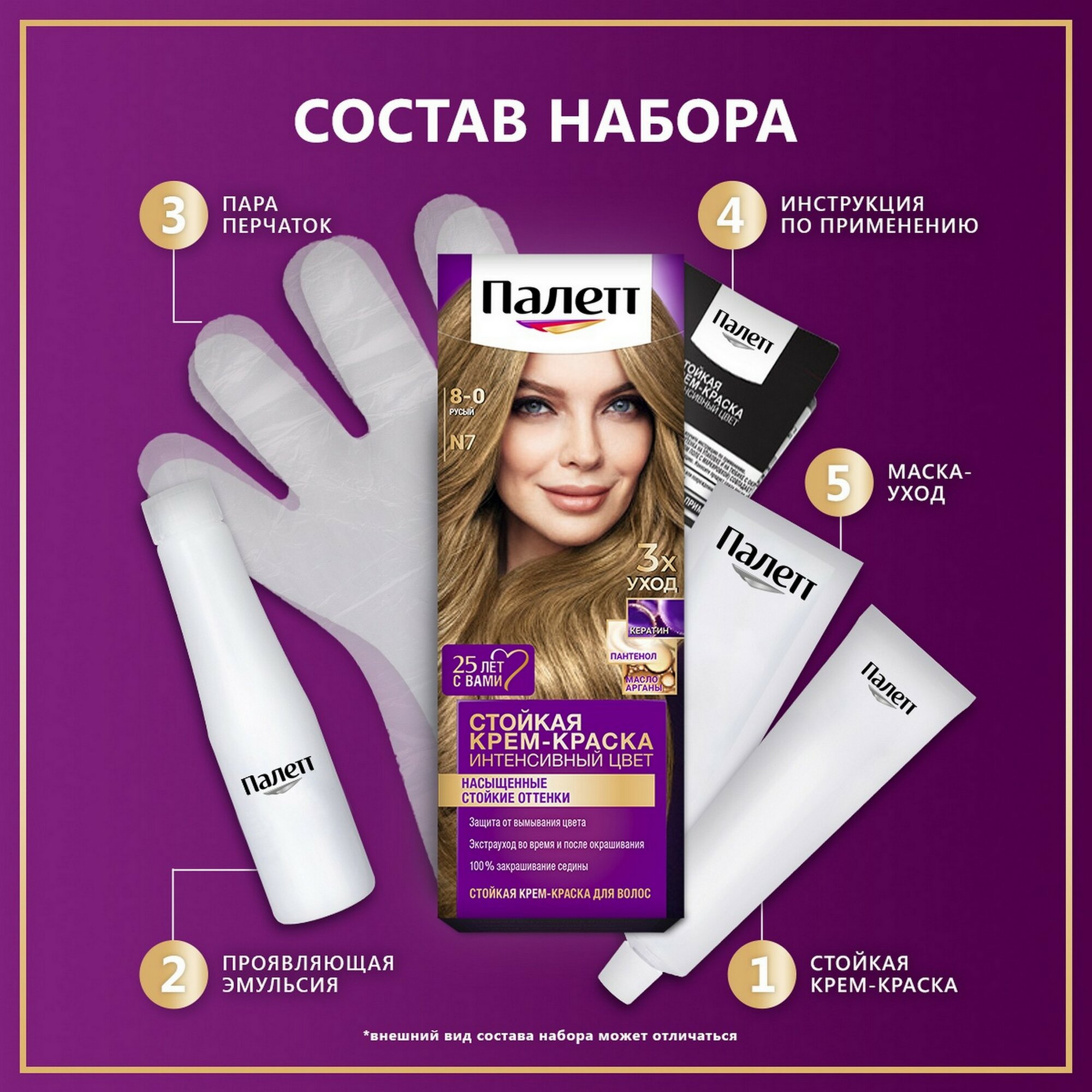 | Состав | окрашивающий крем: aqua, cetearyl alcohol, ammonium hydroxide, glyceryl stearate, ceteareth-20, octyldodecanol, sodium laureth sulfate, sodium cetearyl sulfate, serine, simmondsia chinensis seed oil, parfum, oleic acid, potassium stearate, glycerin, tetrasodium edta, carbomer, potassium hydroxide, ascorbic acid, linoleamidopropyl pg-dimonium chloride phosphate, propylene glycol, sodium sulfate, проявляющая эмульсия: aqua, paraffinum liquidum, hydrogen peroxide, cetearyl alcohol, peg-40 castor oil, sodium cetearyl sulfate, etidronic acid, potassium hydroxide, 2,6-dicarboxypyridine, disodium pyrophosphate, sodium benzoate, кондиционер: aqua, cetearyl alcohol, quaternium-87, hydrolyzed keratin, panthenol, prunus armeniaca kernel oil, niacinamide, stearamidopropyl dimethylamine, ceteareth-20, propylene glycol, isopropyl myristate, distearoylethyl hydroxyethylmonium methosulfate, citric acid, phenoxyethanol, parfum, glyceryl stearate, sodium methylparaben, hexyl cinnamal, butylphenyl methylpropional |
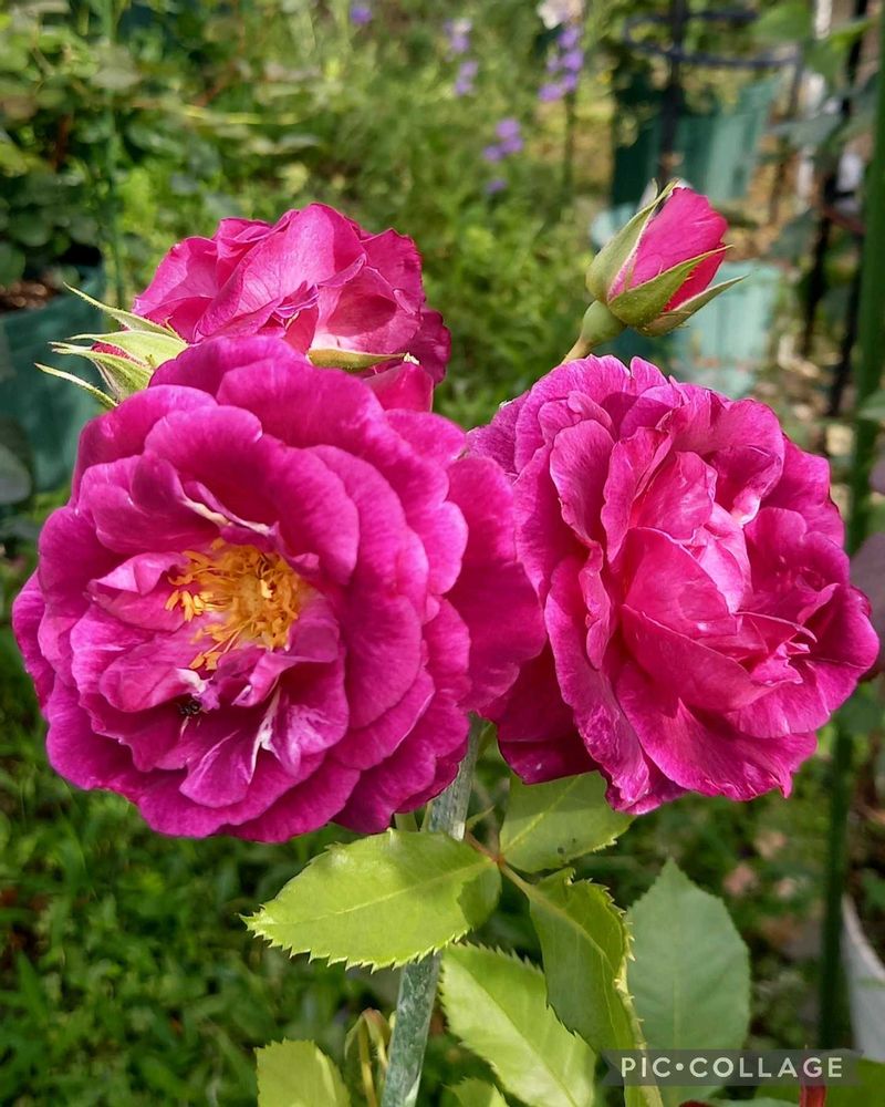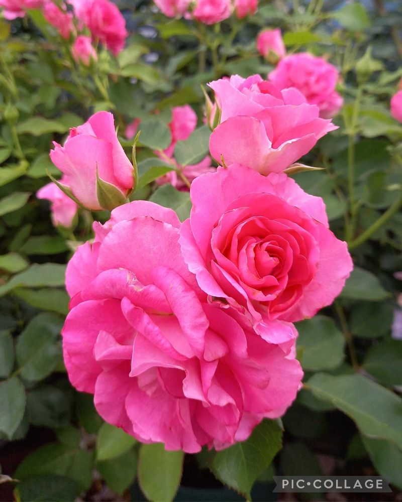 ショッキングピンクの花色が華やかな花付きの良いバラです💗
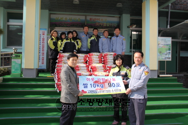 고령소방서(서장 이진우) 고령읍 남녀의용소방대(대장 이무호, 여성대장 김경수)는 지난 30일 고령읍사무소를 방문해 관내 어려운 이웃의 따뜻한 겨울나기를 위한 사랑의 쌀 90포(10kg)를 기탁해 주위의 귀감이 되고 있다. 고령읍 남녀의용소방대는 불우이웃을 위한 김장 담기 등 매년 주위의 어려운 이웃에게 사랑의 전도사로 봉사활동을 펼치고 있으며 아름다운 지역사회를 만드는데 앞장서고 있다. 이무호 의용소방대장은 “대원들의 작은 정성이 사회적 약자인 어려운 이웃에 전달되어 모두가 함께하는 공동체 분위기를 형성해 조금이나마 따뜻한 고령을 만드는데 도움이 되고자 한다”라고 말했다. 박은정 객원기자 silver1130@korea.kr
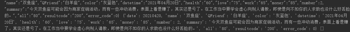 # coding=utf-8 ''' 星座 AppKey:key 接口文档地址 https://www.juhe.cn/docs/api/id/58 接口地址:http://web.juhe.cn:8080/constellation/getAll 返回格式:json 请求方式:http get 请求示例:http://web.juhe.cn:8080/constellation/getAll?consName=%E7%8B%AE%E5%AD%90%E5%BA%A7&type=today&key=申请的KEY ''' import requests types = ["today","tomorrow","week","month","year"] key = "key" consName = "双鱼座" url = "http://web.juhe.cn:8080/constellation/getAll" for type in types: params = { "type": type, "key": key, "consName": consName } res = requests.get(url, params=params) print(res.url,res.text,res.json(),res.history)
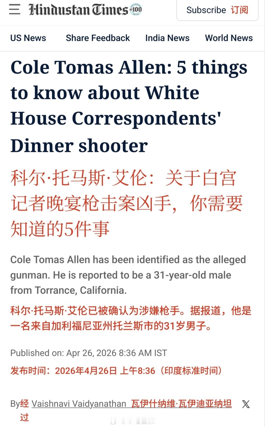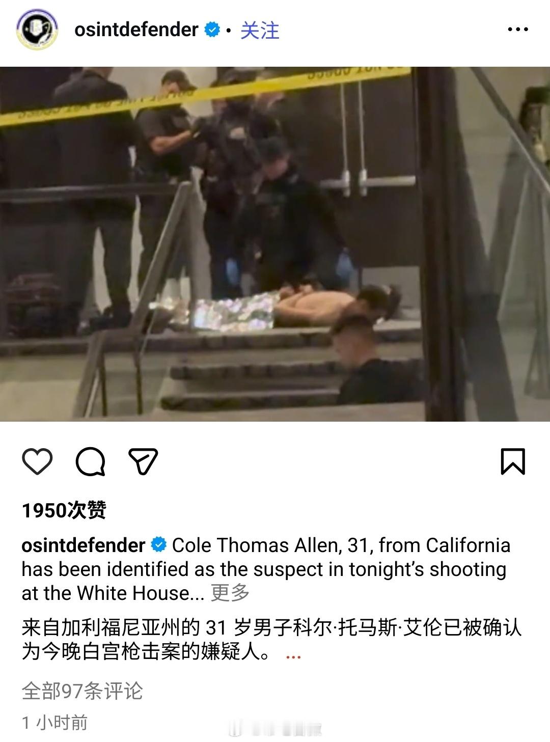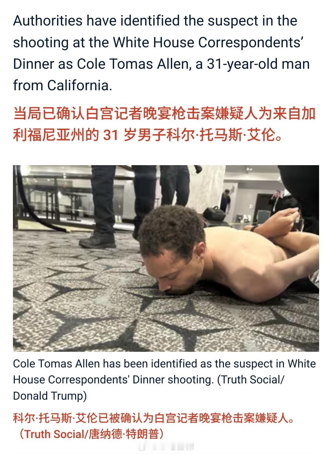 是什么让一位非常优秀的美国人在白宫记者会上开枪?白宫记者协会晚宴的嫌疑枪手名叫科尔·托马斯·艾伦,31岁,来自加利福尼亚州托伦斯市。他曾获加州州立大学计算机科学学士学位,担任教师期间,被评为"洛杉矶县月度优秀教师"。特朗普公布枪手强闯安检录像特朗普因安全原因离开白宫晚宴
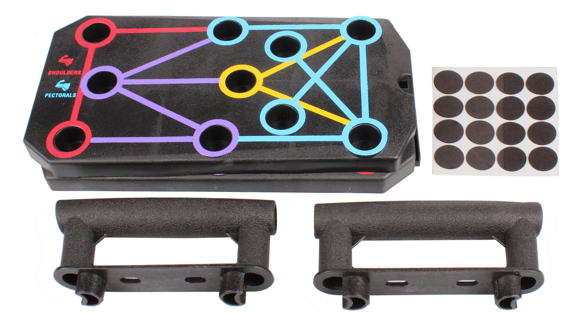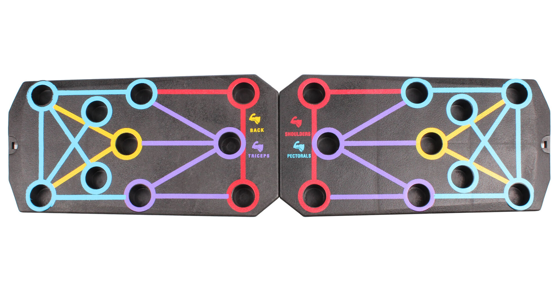 Multifunkční deska na kliky Merco Excellent Classic je určená na posilování zad, tricepsů, ramen a prsních svalů. Stačí jednoduše nastavit přiložené opěrky podle barevně rozlišených poloh na desce a můžete začít cvičit. Skládací deska i opěrky jsou vyrobené z odolného polypropylenu. Tréninková deska Excellent Classic se skládá ze dvou částí, po sestavení má rozměry 62 x 16 x 2 cm a hmotnost přibližně 0,5 kg. Podle barevně odlišených pozic pro madla posilujete oblast, kterou potřebujete. Ideální doplněk pro domácí posilovny.
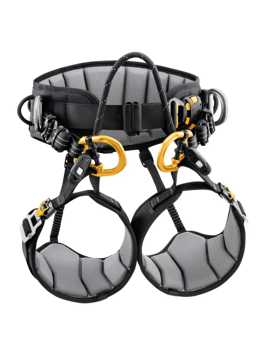 - halbsteifer, breiter Hüftgurt und Beinschlaufen für hervorragende Positionierung; geformt und mit Schaumstoffpolsterung für Komfort während der Aufhängung ausgekleidet
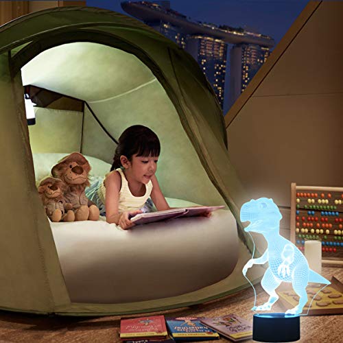 Lunaoo Luce Notte Bambini, Lampada 3D Dinosauro Lampada da Tavolo, 7 Cambiamento di Colore Luce Notturna per Cameretta Comodino
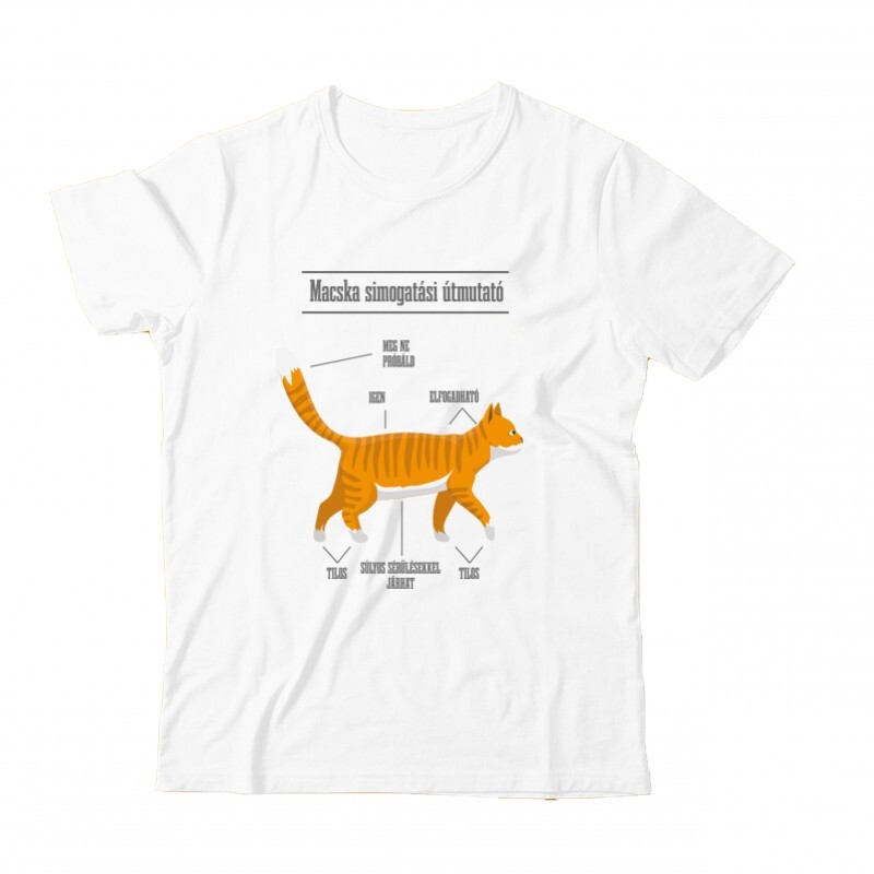 Az Simogatási útmutató mintás Macskás póló megrendelhetők női, férfi és gyerek fazonban egyaránt S-től 3XL-es méretig.
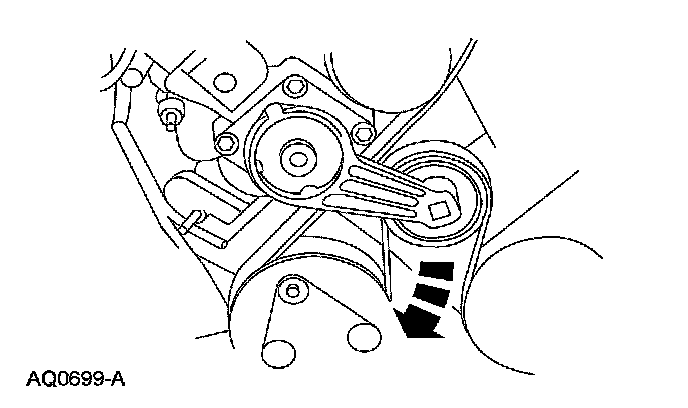 6. Rotate the tensioner clockwise and remove the accessory drive belt.
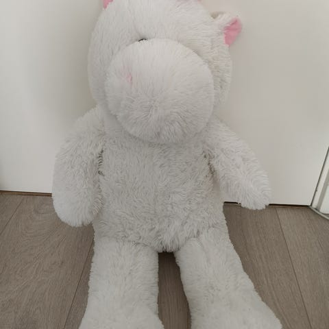 Bamse Enhjørning børnetøj i blødt materiale med flerfarvede detaljer på hove, hale og horn. Egnet som legetøj til børn og til pynt

→ Exercise brief
Repeat the records above exactly, omitting every picture.

→ Response below
 | Состав | окрашивающий крем: aqua, cetearyl alcohol, ammonium hydroxide, glyceryl stearate, ceteareth-20, octyldodecanol, sodium laureth sulfate, sodium cetearyl sulfate, serine, simmondsia chinensis seed oil, parfum, oleic acid, potassium stearate, glycerin, tetrasodium edta, carbomer, potassium hydroxide, ascorbic acid, linoleamidopropyl pg-dimonium chloride phosphate, propylene glycol, sodium sulfate, проявляющая эмульсия: aqua, paraffinum liquidum, hydrogen peroxide, cetearyl alcohol, peg-40 castor oil, sodium cetearyl sulfate, etidronic acid, potassium hydroxide, 2,6-dicarboxypyridine, disodium pyrophosphate, sodium benzoate, кондиционер: aqua, cetearyl alcohol, quaternium-87, hydrolyzed keratin, panthenol, prunus armeniaca kernel oil, niacinamide, stearamidopropyl dimethylamine, ceteareth-20, propylene glycol, isopropyl myristate, distearoylethyl hydroxyethylmonium methosulfate, citric acid, phenoxyethanol, parfum, glyceryl stearate, sodium methylparaben, hexyl cinnamal, butylphenyl methylpropional |
 ショッキングピンクの花色が華やかな花付きの良いバラです💗
 고령소방서(서장 이진우) 고령읍 남녀의용소방대(대장 이무호, 여성대장 김경수)는 지난 30일 고령읍사무소를 방문해 관내 어려운 이웃의 따뜻한 겨울나기를 위한 사랑의 쌀 90포(10kg)를 기탁해 주위의 귀감이 되고 있다. 고령읍 남녀의용소방대는 불우이웃을 위한 김장 담기 등 매년 주위의 어려운 이웃에게 사랑의 전도사로 봉사활동을 펼치고 있으며 아름다운 지역사회를 만드는데 앞장서고 있다. 이무호 의용소방대장은 “대원들의 작은 정성이 사회적 약자인 어려운 이웃에 전달되어 모두가 함께하는 공동체 분위기를 형성해 조금이나마 따뜻한 고령을 만드는데 도움이 되고자 한다”라고 말했다. 박은정 객원기자 silver1130@korea.kr
 # coding=utf-8 ''' 星座 AppKey:key 接口文档地址 https://www.juhe.cn/docs/api/id/58 接口地址:http://web.juhe.cn:8080/constellation/getAll 返回格式:json 请求方式:http get 请求示例:http://web.juhe.cn:8080/constellation/getAll?consName=%E7%8B%AE%E5%AD%90%E5%BA%A7&type=today&key=申请的KEY ''' import requests types = ["today","tomorrow","week","month","year"] key = "key" consName = "双鱼座" url = "http://web.juhe.cn:8080/constellation/getAll" for type in types: params = { "type": type, "key": key, "consName": consName } res = requests.get(url, params=params) print(res.url,res.text,res.json(),res.history)
 是什么让一位非常优秀的美国人在白宫记者会上开枪?白宫记者协会晚宴的嫌疑枪手名叫科尔·托马斯·艾伦,31岁,来自加利福尼亚州托伦斯市。他曾获加州州立大学计算机科学学士学位,担任教师期间,被评为"洛杉矶县月度优秀教师"。特朗普公布枪手强闯安检录像特朗普因安全原因离开白宫晚宴
 Multifunkční deska na kliky Merco Excellent Classic je určená na posilování zad, tricepsů, ramen a prsních svalů. Stačí jednoduše nastavit přiložené opěrky podle barevně rozlišených poloh na desce a můžete začít cvičit. Skládací deska i opěrky jsou vyrobené z odolného polypropylenu. Tréninková deska Excellent Classic se skládá ze dvou částí, po sestavení má rozměry 62 x 16 x 2 cm a hmotnost přibližně 0,5 kg. Podle barevně odlišených pozic pro madla posilujete oblast, kterou potřebujete. Ideální doplněk pro domácí posilovny.
 - halbsteifer, breiter Hüftgurt und Beinschlaufen für hervorragende Positionierung; geformt und mit Schaumstoffpolsterung für Komfort während der Aufhängung ausgekleidet
 Lunaoo Luce Notte Bambini, Lampada 3D Dinosauro Lampada da Tavolo, 7 Cambiamento di Colore Luce Notturna per Cameretta Comodino
 Az Simogatási útmutató mintás Macskás póló megrendelhetők női, férfi és gyerek fazonban egyaránt S-től 3XL-es méretig.
 6. Rotate the tensioner clockwise and remove the accessory drive belt.
 Bamse Enhjørning børnetøj i blødt materiale med flerfarvede detaljer på hove, hale og horn. Egnet som legetøj til børn og til pynt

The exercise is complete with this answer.